Unequal political rights: the case of immigrant suffrage in the UK


The distribution of political rights in the UK undermines the assumption of equality that underpins democratic practice, writes Sean Renard. He advocates for the extension of the right to vote to all legal immigrants living in the UK – whose lives are affected as much by government decisions as those who, by virtue of their citizenship, have a say in them. elections.

The vote to leave the EU was fundamentally undemocratic. Theresa May’s clear determination to move forward with Brexit therefore compounds an act of injustice that reveals a fundamental flaw at the heart of Britain’s electoral system. If this sounds like a provocative opening salvo for a sweeping cosmopolitan controversy, you might be surprised at the current distribution of voting rights in the UK.

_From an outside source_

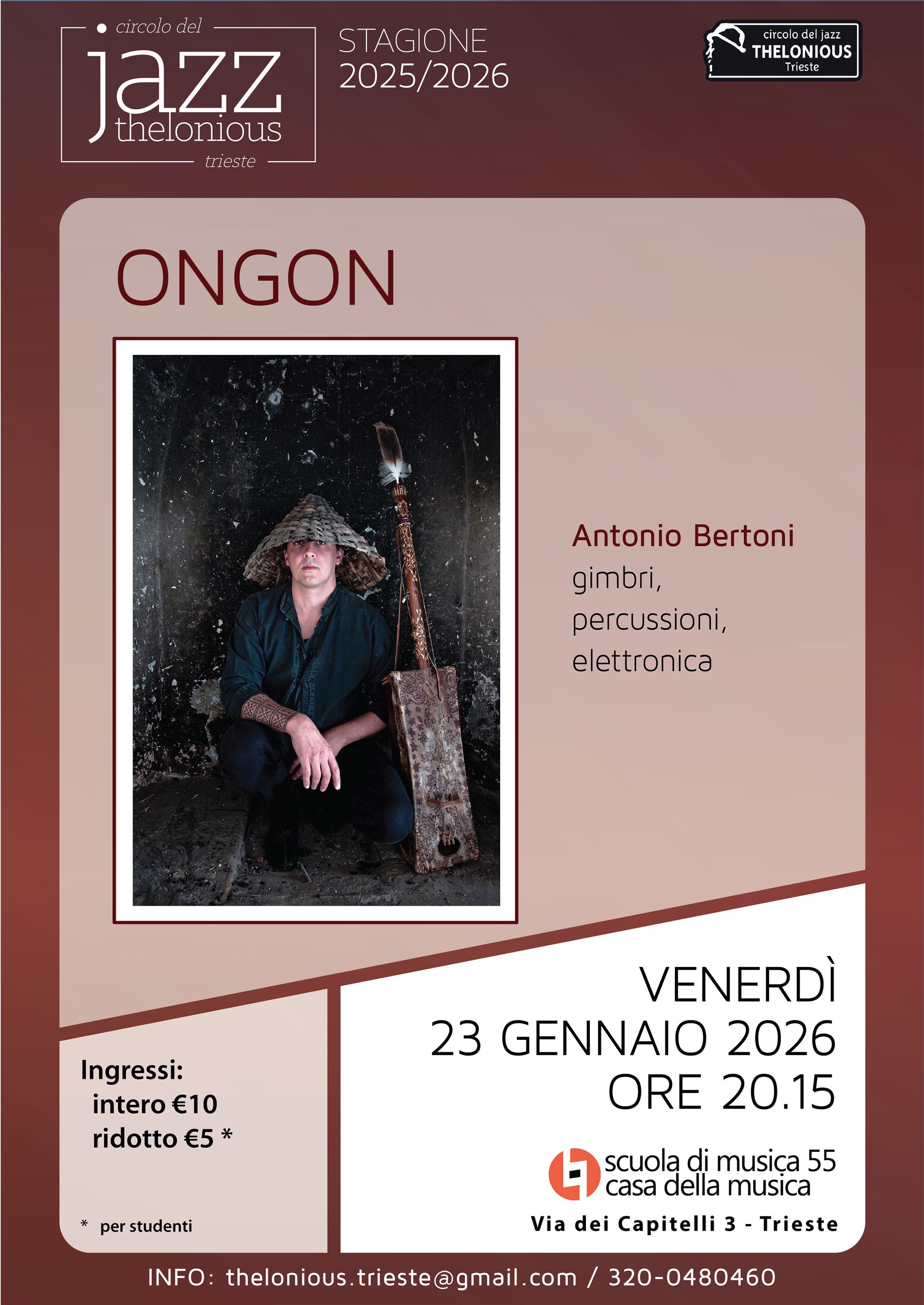 Ongon è il nome d’arte usato da Antonio Bertoni, polistrumentista che si muove tra strumenti diversi anche di tradizioni lontane nel tempo e nello spazio, tra stili e influenze differenti: dalla musica gnawa al progressive, dalla psichedelia alle sovrapposizioni elettroacustiche. Nei suoi dischi e nel set proposto si snodano musiche ipnotiche, rituali e incantatorie, con richiami alle tradizioni nordafricane e un atteggiamento disinvolto e aperto.

Most people assume that the right to vote is directly linked to citizenship. But citizenship status does not (and should not) determine who has the right to vote. Citizens of the Republic of Ireland and of Commonwealth countries who live in the UK are eligible to vote in general and local elections. They were also allowed to vote in the recent European referendum. In contrast, EU citizens living in the UK are allowed to vote in local but not national elections and were also excluded from the referendum. Immigrants from other countries outside the Commonwealth or the EU do not have the right to vote. A particular consequence of this arrangement is that some EU citizens could in fact vote in the recent referendum: those of Ireland as well as those of Malta and Cyprus.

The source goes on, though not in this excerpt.